Signed-off-by: sanketh <sgmenda@amazon.com>

Author: sgmenda

crypto/evp_extra/p_kem_test.cc

@@ -1,18 +1,21 @@
 // Copyright Amazon.com, Inc. or its affiliates. All Rights Reserved.
 // SPDX-License-Identifier: Apache-2.0 OR ISC
 
+#include <algorithm>
 #include <gtest/gtest.h>
 #include <openssl/base.h>
 #include <openssl/bio.h>
 #include <openssl/evp.h>
+#include <openssl/experimental/kem_deterministic_api.h>
 #include <openssl/mem.h>
 #include <openssl/pem.h>
 #include <openssl/pkcs8.h>
 #include <openssl/ssl.h>
 #include "../fipsmodule/evp/internal.h"
 #include "../fipsmodule/kem/internal.h"
+#include "../test/file_test.h"
 #include "../test/test_util.h"
-#include <openssl/experimental/kem_deterministic_api.h>
+#include "../test/wycheproof_util.h"
 
 
 // https://datatracker.ietf.org/doc/draft-ietf-lamps-kyber-certificates/
@@ -927,3 +930,259 @@ TEST(KEMTest, InvalidSeedLength) {
 
   OPENSSL_free(der_priv);
 }
+
+
+// Wycheproof test vector mapping for KEMs
+struct WycheproofKEM {
+  const char name[20];
+  const int nid;
+  size_t ciphertext_len;
+  size_t shared_secret_len;
+  const char *encaps_test;
+  const char *decaps_seed_test;
+  const char *decaps_noseed_test;
+};
+
+//= third_party/vectors/vectors_spec.md#wycheproof
+//# AWS-LC MUST test against `testvectors_v1/mlkem_1024_test.txt`.

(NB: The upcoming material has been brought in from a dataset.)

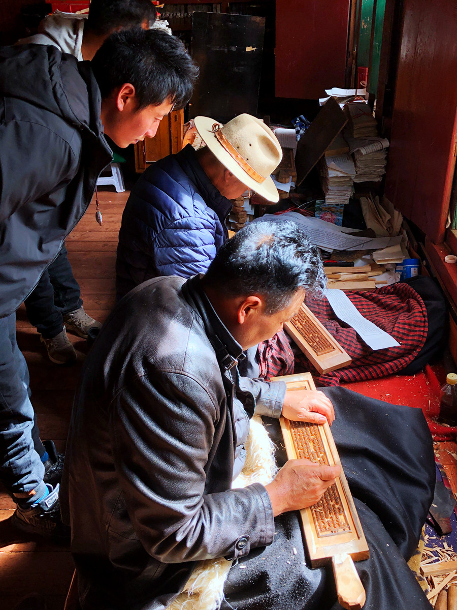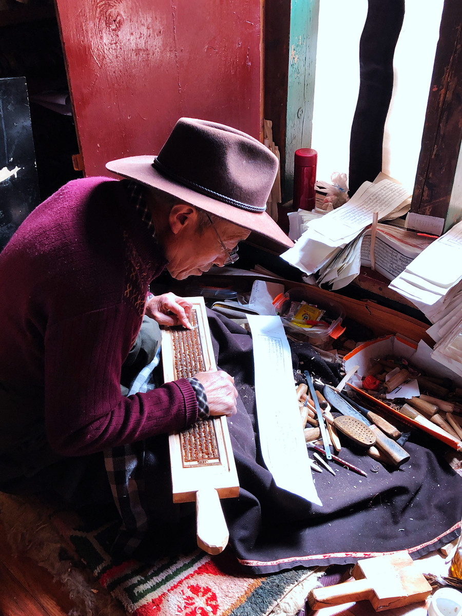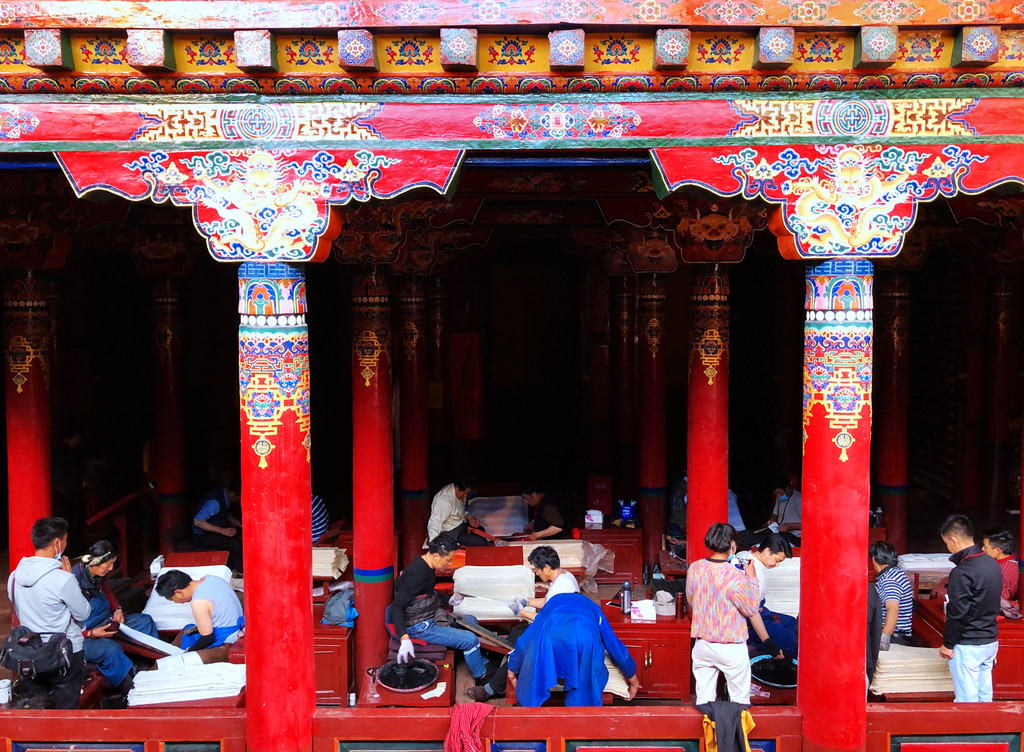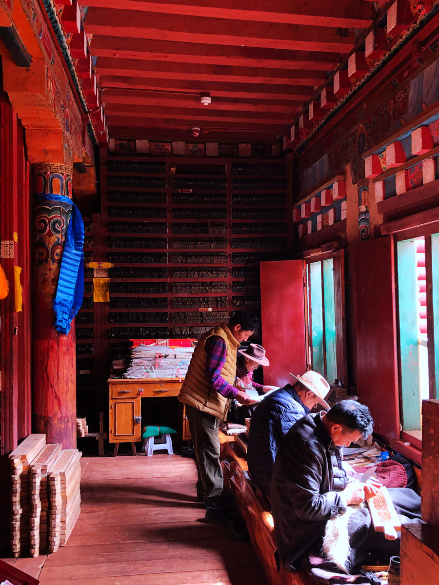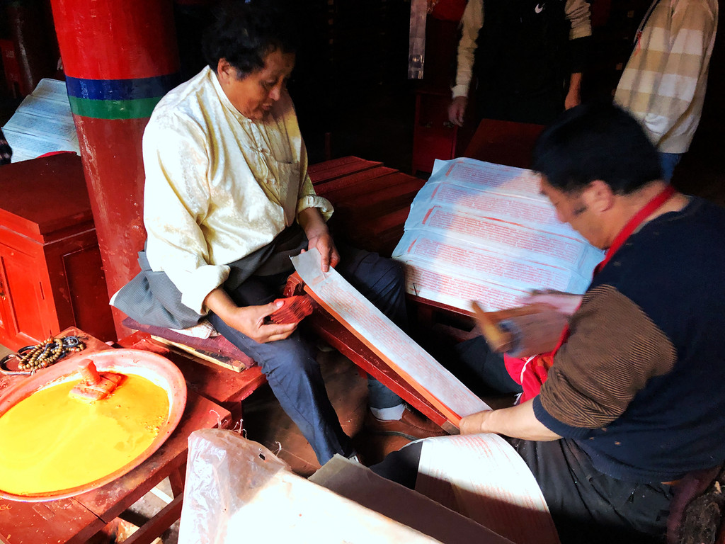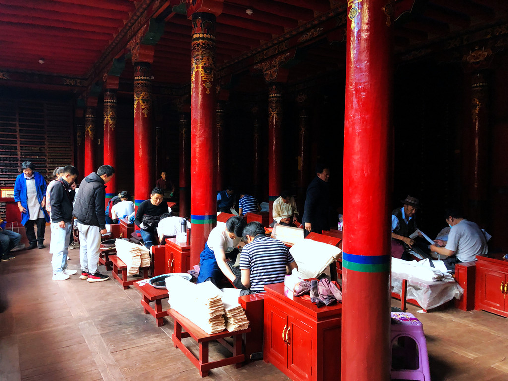 又转到了雕刻印经版工作室,三位匠人正在用工具雕刻着。雕刻用的木料很有讲究,《西藏,西藏》这本书介绍,一定要用青冈木,这种木头质地坚硬。一位匠人告诉我,他是在修复,拿一张经文给我看,上面有一处划了红勾,刻错了,需要改错修复。这位匠人真有意思,问我从哪里来?告诉他:广东。他立刻从一个塑料袋里拿出两枚雕刻好的印章,一枚刻着6字真言,另一枚刻着扎西德勒,说可以卖给我。被我婉言拒绝,因为我未入佛门,不太懂这些东西。

+//# AWS-LC MUST test against `testvectors_v1/mlkem_512_test.txt`.
+//# AWS-LC MUST test against `testvectors_v1/mlkem_768_test.txt`.
+//# AWS-LC MUST test against `testvectors_v1/mlkem_1024_encaps_test.txt`.

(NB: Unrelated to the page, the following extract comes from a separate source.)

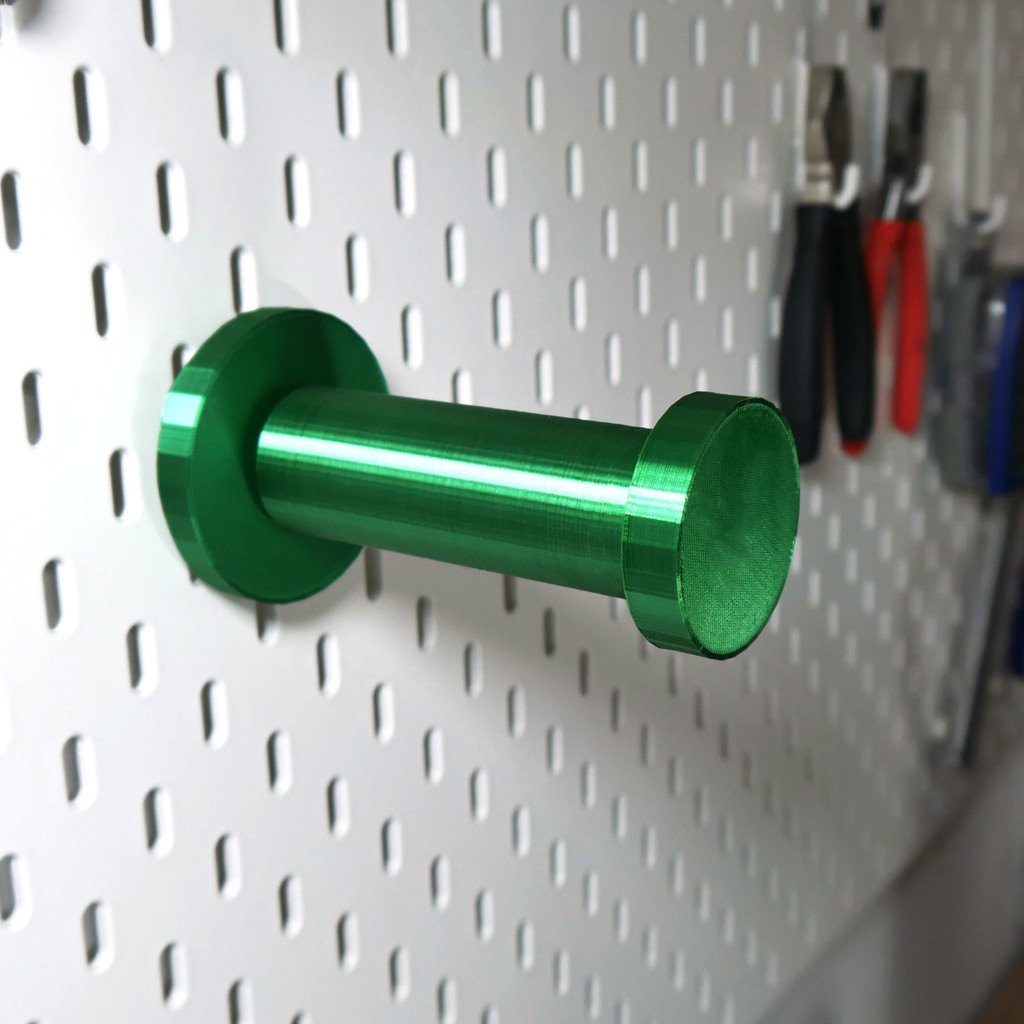 Skadis Spool Holder er et nemt at samle og adskille redskab, der passer perfekt til din IKEA Skadis opslagstavle. Den består af tre dele, der hver især skrues sammen for nem justering eller udskiftning. Den specielle grønne farve fremstilles ved hjælp af 3DJake Ultra Satin. Det er det oplagte valg til at holde dine spole på plads haengende fra din opslagstavle.

+//# AWS-LC MUST test against `testvectors_v1/mlkem_1024_semi_expanded_decaps_test.txt`.
+//# AWS-LC MUST test against `testvectors_v1/mlkem_512_encaps_test.txt`.
+//# AWS-LC MUST test against `testvectors_v1/mlkem_512_semi_expanded_decaps_test.txt`.
+//# AWS-LC MUST test against `testvectors_v1/mlkem_768_encaps_test.txt`.
+//# AWS-LC MUST test against `testvectors_v1/mlkem_768_semi_expanded_decaps_test.txt`.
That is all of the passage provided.